別の実験では、時間帯による運動パフォーマンスの変動を調べているのですが、その実験では、起床してから8時間後にパフォーマンスがピークに達するという結果が得られていました。この結果から、運動パフォーマンスの変化はミトコンドリアの酸化能力が変化することで生じたのではないかと考えられます。

それでは、ミトコンドリアの酸化能力は、一体どうして1日の中で変動したのでしょうか。その原因を探るためミトコンドリアの形態を調べました。

ミトコンドリアは、フレキシブルな器官で、常に他のミトコンドリアとくっついたり分裂したりしています。
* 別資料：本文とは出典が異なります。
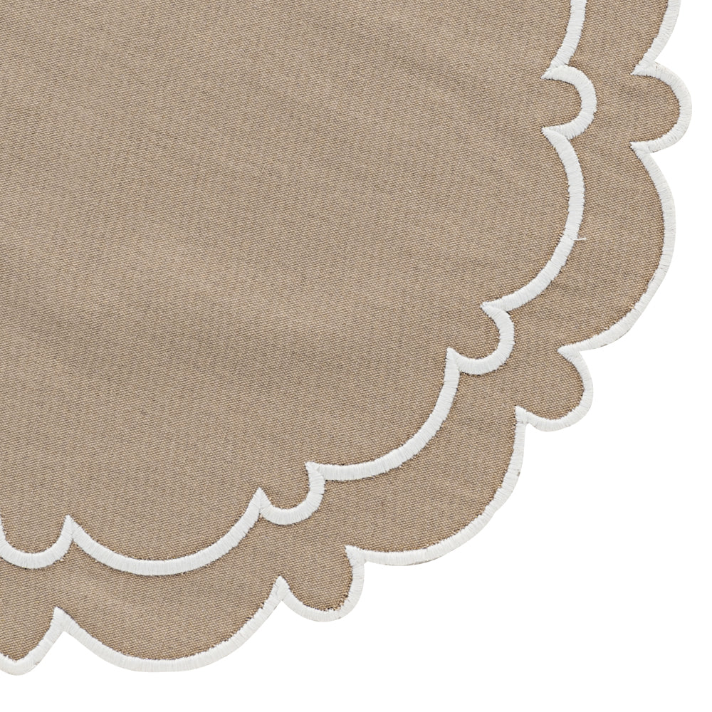 - Brighten up your dining table with these stunning scalloped placemats. Crafted from cotton, they combine durability and elegance. They are available in green, beige, and red.

そしてストレスを受けた部分は、使えないので、ゴミ箱に捨てるように分解されます。こうしたミトコンドリアの融合と分解は、様々な酵素により起こるのですが、この酵素活性が概日リズムを示していることが分かりました。

これらだけでは、確実なことは言えませんが、どうやらミトコンドリアの融合と分解のバランスが変わることがミトコンドリアの酸化能力の変動と関連しているようです。

さらに、CryがPPARδという、脂質代謝に関連するタンパク質の働きを阻害することで、運動中の脂肪の利用を減らすということも報告されています。運動中に脂肪が使えないと、運動中のメインとなるエネルギー源であるグリコーゲンの利用が高まり、すぐにグリコーゲンが枯渇するので長時間の運動を行う際には不利になります。こうしたことも時間による運動パフォーマンスの変動と関連しています。

パフォーマンスのピークの時間も変動する?!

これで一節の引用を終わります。